My parents recently paid me a visit at my home in New Zealand, and for the 40 odd days that they were here with me, life seemed perfect. When I finally waved goodbye to them at Wellington airport, I flashed them a bright smile and only after they had disappeared behind the walls that lead to immigration, did I finally let that lump in my throat mix with the horrible emptiness in the pit of my stomach. The result: a long, silent, drive back home broken by teary vision, intermittent sobbing and loud wailing.
Its always the same – the emotional upheavals I experience when I’m separated from my parents. And contrary to popular opinion, it doesn’t get better with age. This got me thinking about all the baby animals that are orphaned, torn away cruelly from their mothers, and led to dark and despairing lives. The agony they go through must be off the charts – seemingly insurmountable, indescribable by human standards!
Take the little orphaned baby rhino found struggling in a stream in Kaziranga for instance. No one knows what happened to his mother – he could have been separated from her due to natural causes, or worse, she may have fallen prey to poachers. He was so tiny by rhino standards, that his body armour was still baggy and his ears still too big for his head, when he was found fighting against the current. Thankfully, aside from a little dehydration, the little calf is doing rather well at the wildlife rehabilitation centre there.
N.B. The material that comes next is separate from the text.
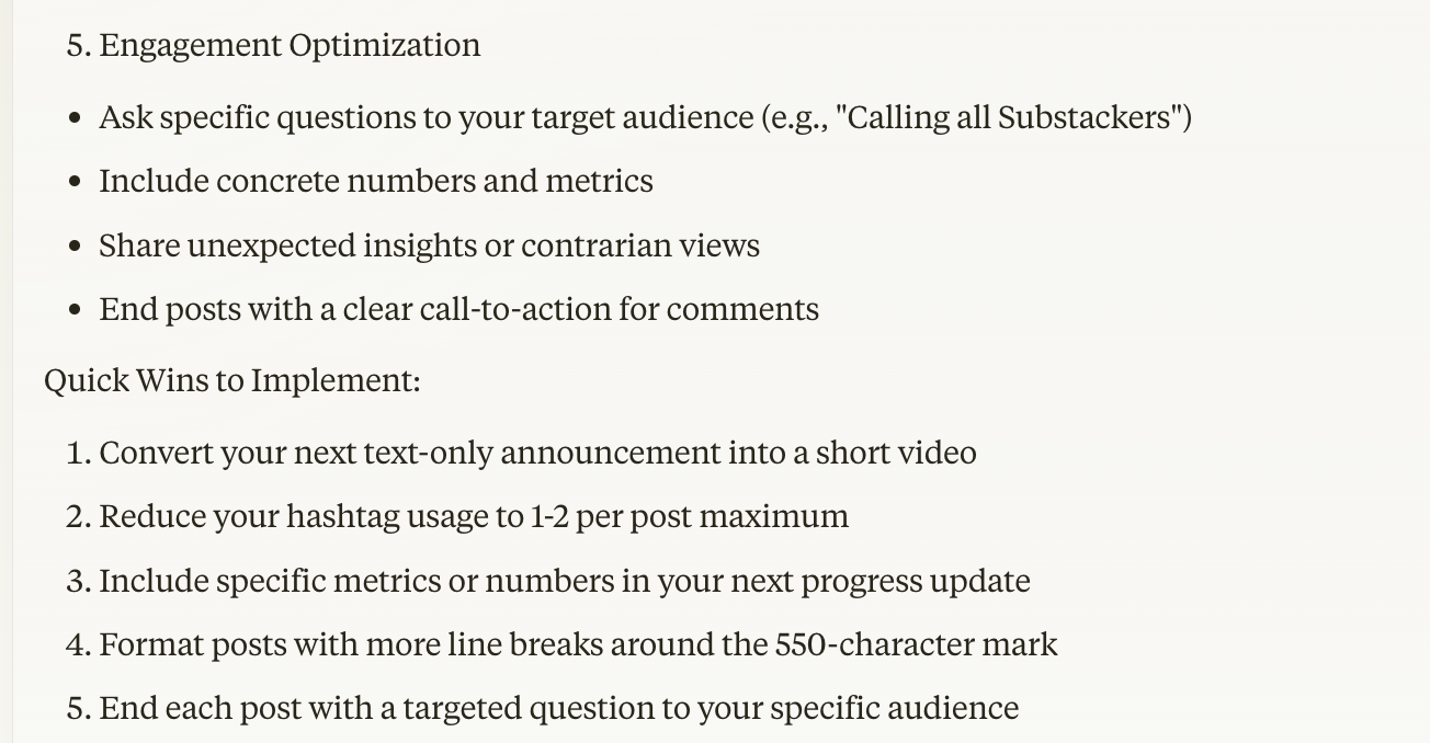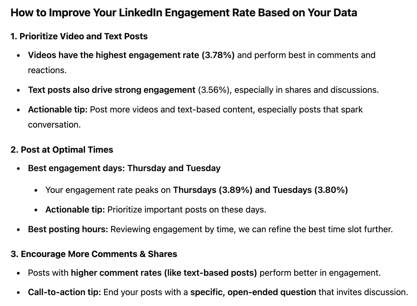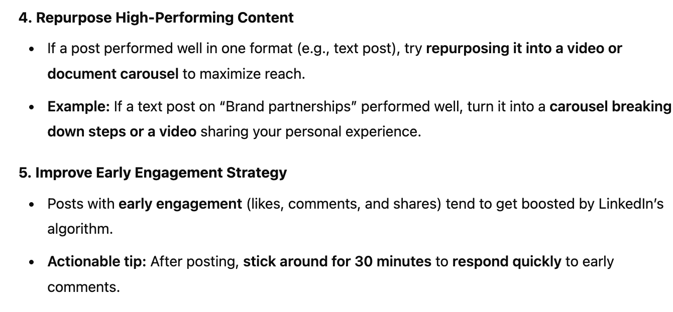 Then, more impressively, it gave a list of actionable tips, including the best time to post on LinkedIn according to my data — something none of the other tools did. Other suggestions it made were to prioritize video and text posts and improve my early engagement strategy by responding to the comments in the first 30 minutes of posting.
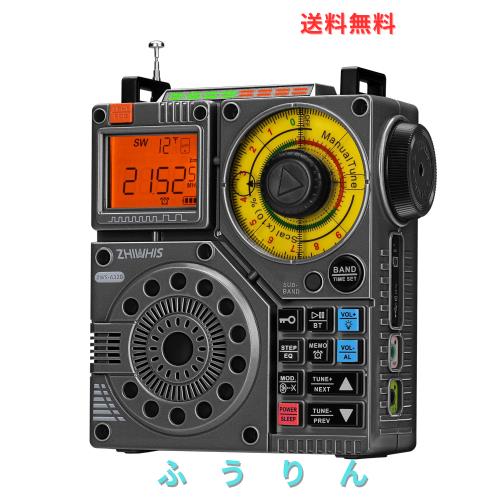 ZHIWHIS Bluetoothスピーカー BCLラジオ 短波受信機 VHF/FM/AM/SW/ワイドFM 懐中電灯 録音/APPコントロール/MicroSDカード対応/20時間連

Not all wild orphans are that lucky….
Udin – a baby orangutan rescued and cared for by International Animal Rescue was holding on to his mother for dear life, when poachers hacked her down with a machete. It is most likely that Udin was torn away from his mother’s body while she was still warm, and sold to a local farmer. Malnourished, dehydrated, terrified, alone and locked up in a dark, dank cage, Udin suffered such severe mental and physical trauma, that he stopped eating or drinking and began detaching himself completely from his environment. Extensive medical care, coupled with constant interactive sessions, have helped him stabilise a bit, but he has a long way to go for complete recovery.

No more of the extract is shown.